_Collected data:_
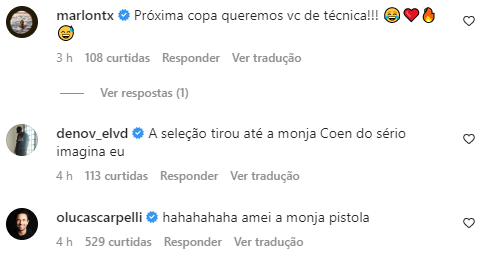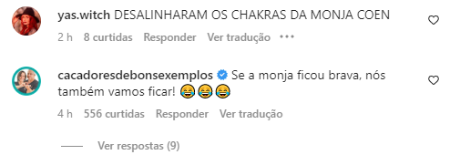 Nos comentários da postagem, torcedores ficaram aliviados quando perceberam que até a Monja estava irritada pela derrota brasileira.
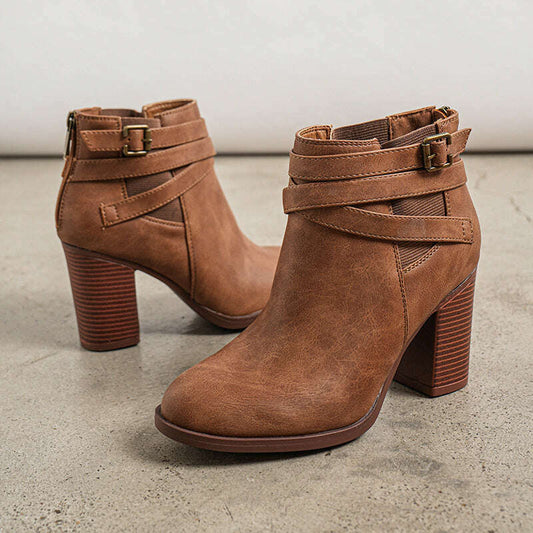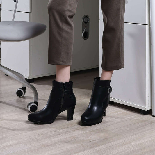 Women's Chunky High Heel Ankle Boots Close Toe Fall Heeled Booties Shoes, Autumn Winter Boots, fit spring, summer, autumn and winter
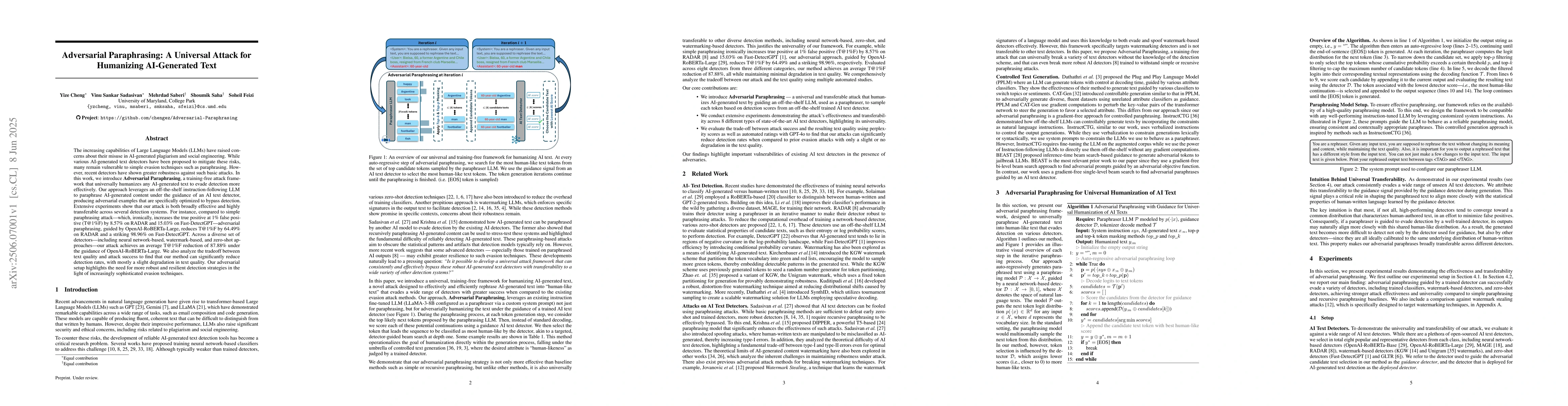 Researchers introduce Adversarial Paraphrasing, a training-free attack framework that universally humanizes AI-generated text to evade detection more effectively, reducing detection rates by up to 98.96%.

_Assigned task:_ Once the pictures are set aside, output all of the data above verbatim.

_Exercise result:_
 Nos comentários da postagem, torcedores ficaram aliviados quando perceberam que até a Monja estava irritada pela derrota brasileira.
 Women's Chunky High Heel Ankle Boots Close Toe Fall Heeled Booties Shoes, Autumn Winter Boots, fit spring, summer, autumn and winter
 Researchers introduce Adversarial Paraphrasing, a training-free attack framework that universally humanizes AI-generated text to evade detection more effectively, reducing detection rates by up to 98.96%.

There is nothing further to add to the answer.